"I don't."
"I mean, ass," she said affectionately, "that your role in your relationship with your brothers is just as important as theirs. You use them to get yourself off the hook with men."
"Off the hook with what men? They've scared half the men in town away, and the other half they won't let near me."
Liddy hooted in disbelief. "And you name me one man in town that ever seriously interested you. Just one, Piper."
"That's not the point."
"It's exactly the point. Which isn't to say Andrew and Benjamin aren't utter pains in the ass at times." She flipped back long, blond hair with one hand, blue eyes twinkling. "And, of course, you know I wasn't including Clate Jackson among the men from town."
"So?"
"Piper, I swear, I don't know why your brothers haven't tied a rock around your ankle and pitched you into the bay by now. Speaking of pains in the ass! So," she said, "I am not blind, I am not stupid, I am not naive. I saw the sparks flying between you and Jackson yesterday at the hospital."
"You imagined—"
"I saw. And so did Andrew and Benjamin."
Piper blanched. "They told you?"
"Are you kidding? They're pretending if they don't say anything, what they saw won't be real. That's nonsense, of course. What they saw was real enough. They'd just feel a whole lot better if they remotely trusted Clate Jackson to do right by you."
"Do you trust him?"
They exited Piper's house through the front door. Liddy stopped in the walk and gave her sister-in-law a sly grin. "After seeing him, I figure trust is probably not real high on your list of priorities involving our rich Tennessean. This is something I understand. I won't say your brothers do. The double standard and all that."
Piper couldn't stop a flush of embarrassment at Liddy's obvious conclusion that her sister-in-law and Clate Jackson had been to bed together.
"Oh," Liddy squealed, sliding into her car, "I love being right."
When they arrived at the hospital, Hannah was chomping at the bit to go. She got dressed while Piper spoke to her doctor, which irritated Hannah no end. She could see to her own medical affairs, thank you. But Piper insisted.
The doctor, no youngster himself, said he could find no physical reason why Hannah might have passed out. Without coming right out and saying so, he indicated his belief that she'd simply dozed off at the wheel, and it seemed less frightening and embarrassing to her to claim to have passed out.
Hannah sat up front with Liddy and scowled around to Piper in back. "That old fool told you I faked passing out to save face, didn't he?"
"He was really very polite about it."
"I'm old, not stupid. I know the difference between passing out and falling asleep. And who on earth would I want to save face for? You all have seen me at my best and my worst since you were tots."

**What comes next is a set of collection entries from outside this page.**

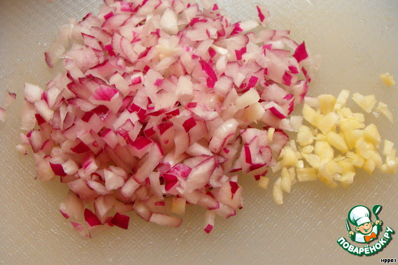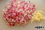 Лук и чеснок почистить и мелко порубить, смешать. -
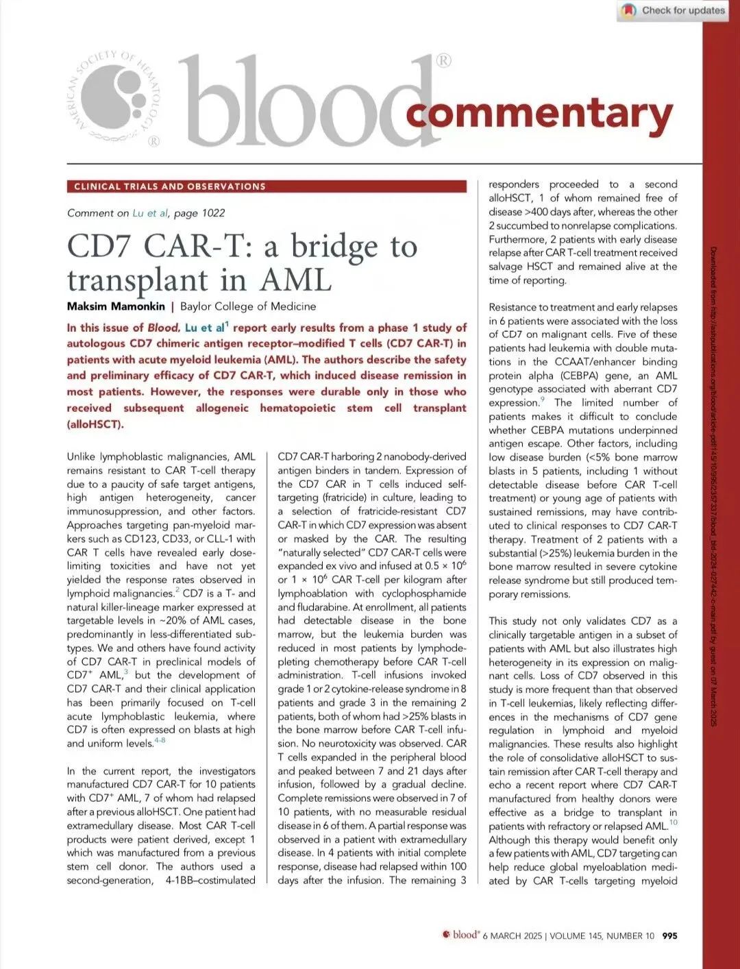 专家评述文章中,不仅认可了团队此项研究的创新性,还强调了CD7 CAR-T细胞治疗作为难治复发AML患者移植桥梁的潜力,预示着这一策略可能改变AML的治疗格局。(评论文章:https://doi.org/10.1182/blood.2024024861)
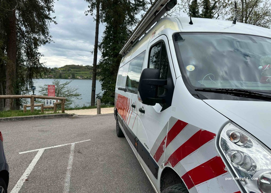 Bof bof , endroit au bord du lac mais sans intimité au bord d’une route ! Attention place en épi compliqué de sortir du parking si grand véhicule.
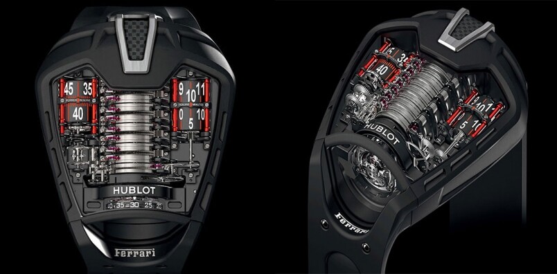 至于世上最長動能的機械腕表,非2013年面世的Hublot MP-05 LaFerrari莫屬,品牌史無前例地將11個發(fā)條鼓一脈相連,提煉出馬拉松式的50日動存。腕表的外形設(shè)計已經(jīng)先聲奪人,上鏈方法同樣出位,就是用Hublot 特制的迷你電鉆為機芯「上膛」,相當(dāng)架勢!
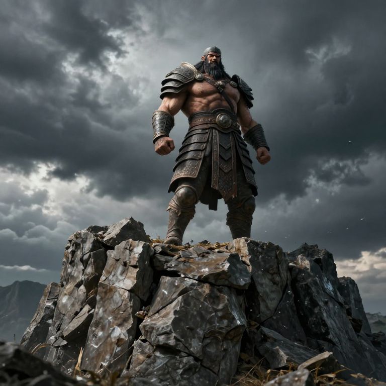 Tгјllrock, an ancient mythical warrior standing atop a rugged cliff composed of tгјllrock stones, stormy skies in the background, dynamic lighting highlighting powerful muscles and worn armor, dramatic, highly detailed, cinematic composition
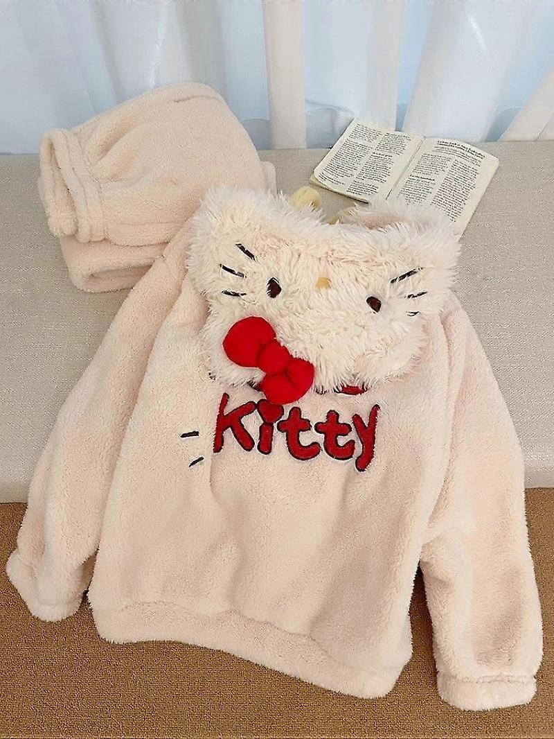 Hot Kawaii Hello Kitty Pajamas 2Pcs Girls Pants Autumn Winter Cute Loose Tops Long Sleeves Plus Velvet Soft Casual Home Wear Set
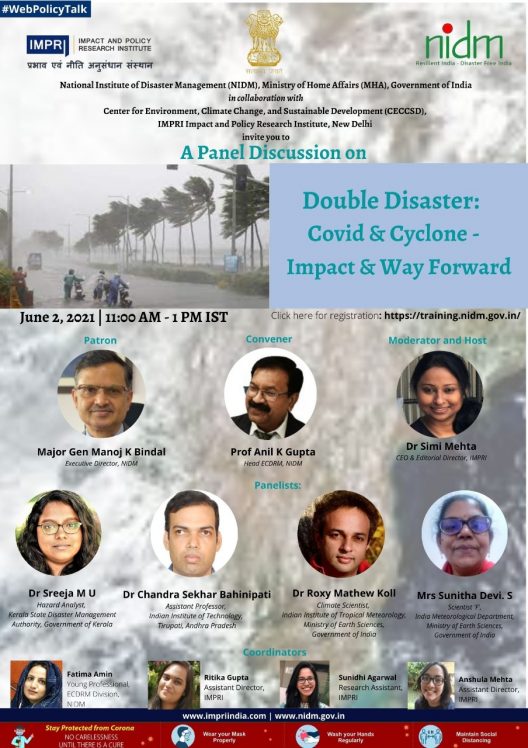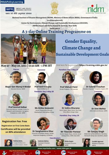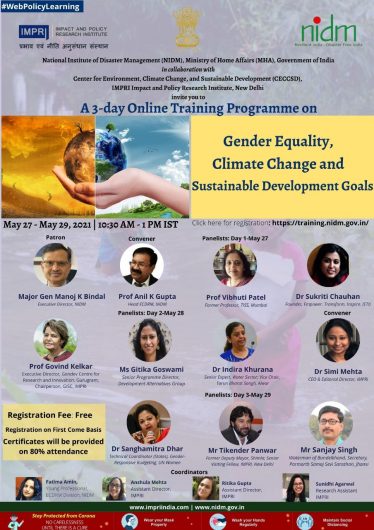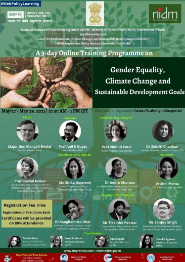 This online training is organized by National Institute of Disaster Management (NIDM), Ministry of Home Affairs, Government of India and Center for Environment, Climate Change and Sustainable Development at IMPRI.
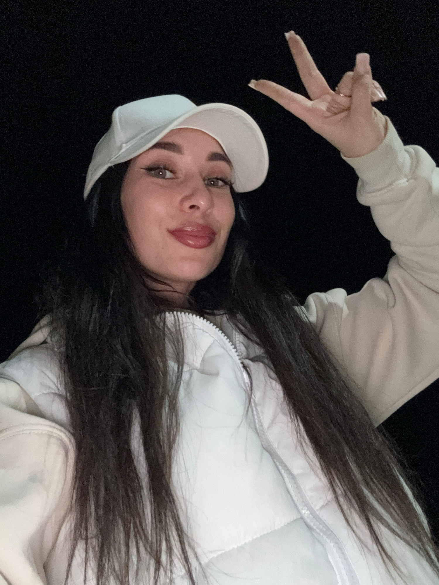 This close-up, angled selfie captures a young woman in Chaikovsky, Russia, against a solid black background, suggesting nighttime or a dark indoor setting. Her head is tilted, and she gazes directly a…read more
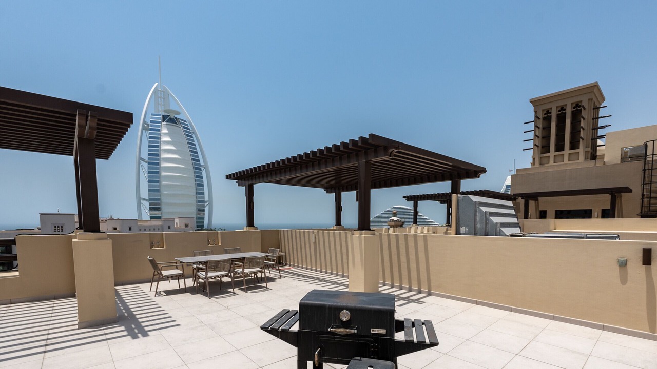 One of the must-dos when visiting Dubai is to see the renowned Burj Al Arab, often called a seven-star hotel. How about staying in a premium space within walking distance from this masterpiece? This space will spoil you with its full view and high-end furnishings. Make sure to pack your SPF, as you may want to swim all day with the Burj Al Arab in view or keep fit in the gym while away from home.

This was true. Piper sighed. "It doesn't matter, Hannah. You're out of there."
"Yes." She sat back with satisfaction, hands folded on her lap. "Thank you for bringing me my clothes, Piper. You found everything all right?"
"Not everything," Piper said cryptically.
But not cryptically enough. Her sister-in-law glanced suspiciously into her rearview mirror, and Piper tried to keep a neutral expression. As circumspect as Liddy was, she wasn't above tattling to her husband and brother-in-law that sister Piper and aunt Hannah hadn't quite told them everything.
When they arrived at her townhouse, Hannah announced that Piper should stay for a while. "I'm feeling a little wobbly." This, Piper knew, was pure fiction. Even if true, Hannah would never admit to feeling lousy unless it suited her. "A night in the hospital will do that to anyone." She shuddered. "Modern medicine."
Liddy was in no mood. "It's better than leeches."
Hannah gave her a cool look. "I suppose you have a point. But I believe in promoting good health through preventive care, and resorting to needles, pharmaceuticals, machines, and carving knives only when absolutely necessary, and not just to pay the light bill or provide new boats for the doctors."
"Since when have you become so cynical?"
Hannah gave an airy toss of the head, apparently forgetting she was supposed to look wobbly. "Since this morning when I insisted on seeing my bill before I left. One night in the hospital! One night! A family of four could have lived on that much for a year in nineteen seventeen. And did."
Liddy glanced at her. "I suppose you would know. Look, I have specific orders not to leave you two alone. Piper doesn't have her car, and yours is in the shop."
"But she can call you, can't she? Or her father or one of her brothers?" Hannah smiled sweetly, but was immovable. "There's always that nice man who bought my house. He has a lovely car."
"You're making this hard on me." Liddy appealed to her sister-in-law. "Piper, you know Benjamin and Andrew are going to think you two are up to something."